Re: Partial aggregates pushdown

From: Tom Lane <tgl(at)sss(dot)pgh(dot)pa(dot)us>
To: Bruce Momjian <bruce(at)momjian(dot)us>
Cc: "Fujii(dot)Yuki(at)df(dot)MitsubishiElectric(dot)co(dot)jp" <Fujii(dot)Yuki(at)df(dot)mitsubishielectric(dot)co(dot)jp>, Alexander Pyhalov <a(dot)pyhalov(at)postgrespro(dot)ru>, Robert Haas <robertmhaas(at)gmail(dot)com>, PostgreSQL-development <pgsql-hackers(at)postgresql(dot)org>, Stephen Frost <sfrost(at)snowman(dot)net>, "Finnerty, Jim" <jfinnert(at)amazon(dot)com>, Andres Freund <andres(at)anarazel(dot)de>, Tomas Vondra <tomas(dot)vondra(at)enterprisedb(dot)com>, Julien Rouhaud <rjuju123(at)gmail(dot)com>, Daniel Gustafsson <daniel(at)yesql(dot)se>, vignesh C <vignesh21(at)gmail(dot)com>
Subject: Re: Partial aggregates pushdown
Date: 2024-03-19 21:29:07
Message-ID: 4020145.1710883747@sss.pgh.pa.us
Views: Raw Message | Whole Thread | Download mbox | Resend email
Thread:
Lists: pgsql-hackers

Bruce Momjian <bruce(at)momjian(dot)us> writes:
> The current patch has:

> if ((OidIsValid(aggform->aggfinalfn) ||
> (aggform->aggtranstype == INTERNALOID)) &&
> fpinfo->check_partial_aggregate_support)
> {
> if (fpinfo->remoteversion == 0)
> {
> PGconn *conn = GetConnection(fpinfo->user, false, NULL);

> fpinfo->remoteversion = PQserverVersion(conn);
> }

> if (fpinfo->remoteversion < PG_VERSION_NUM)
> partial_agg_ok = false;
> }

> It uses check_partial_aggregate_support, which defaults to false,
> meaning partial aggregates will be pushed down with no version check by
> default.

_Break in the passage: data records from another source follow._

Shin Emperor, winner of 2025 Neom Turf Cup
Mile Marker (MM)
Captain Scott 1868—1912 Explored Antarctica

If set to true, pushdown will happen if the remote server is
> the same version or newer, which seems acceptable to me.

I'd like to vociferously protest both of those decisions.

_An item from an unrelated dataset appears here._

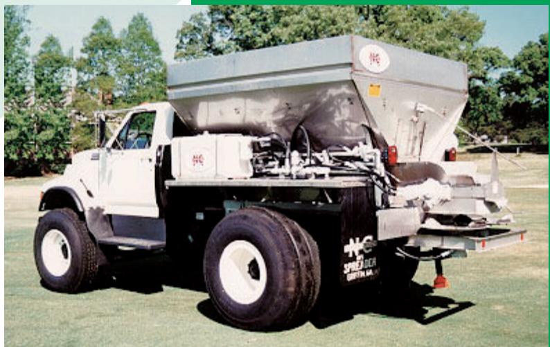
HIGH SIDE TURF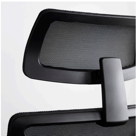
Headrest – Adjustable Eve is available with an optional headrest to relieve and provide comfort to the neck.

"No version check by default" means "unsafe by default", which is not
project style in general and is especially not so for postgres_fdw.
We have tried very hard for years to ensure that postgres_fdw will
work with a wide range of remote server versions, and generally been
extremely conservative about what we think will work (example:
collations); but this patch seems ready to throw that principle away.

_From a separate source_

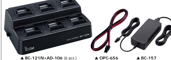
▲ BC-121N+AD-106 (6 pcs.) ▲ OPC-656 ▲ BC-157

BC-121N MULTI-CHARGER + AD-106 CHARGER ADAPTER + BC-157 AC ADAPTER (Six AD-106s are required) Charges up to 6 battery packs in 2 hours (approx.) when BP-231 is attached. OPC-656 DC POWER CABLE : For use with the BC-121N. (12–20V DC required).

Also, surely "remoteversion < PG_VERSION_NUM" is backwards. What
this would mean is that nobody can ever change a partial aggregate's
implementation, because that would break queries issued from older
servers (that couldn't know about the change) to newer ones.

Realistically, I think it's fairly unsafe to try aggregate pushdown
to anything but the same PG major version; otherwise, you're buying
into knowing which aggregates have partial support in which versions,
as well as predicting the future about incompatible state changes.
Even that isn't bulletproof --- e.g, maybe somebody wasn't careful
about endianness-independence of the serialized partial state, making
it unsafe to ship --- so there had better be a switch whereby the user
can disable it.

Maybe we could define a three-way setting:

* default: push down partial aggs only to same major PG version
* disable: don't push down, period
* force: push down regardless of remote version

With the "force" setting, it's the user's responsibility not to
issue any remote-able aggregation that would be unsafe to push
down. This is still a pretty crude tool: I can foresee people
wanting to have per-aggregate control over things, especially
extension-supplied aggregates. But it'd do for starters.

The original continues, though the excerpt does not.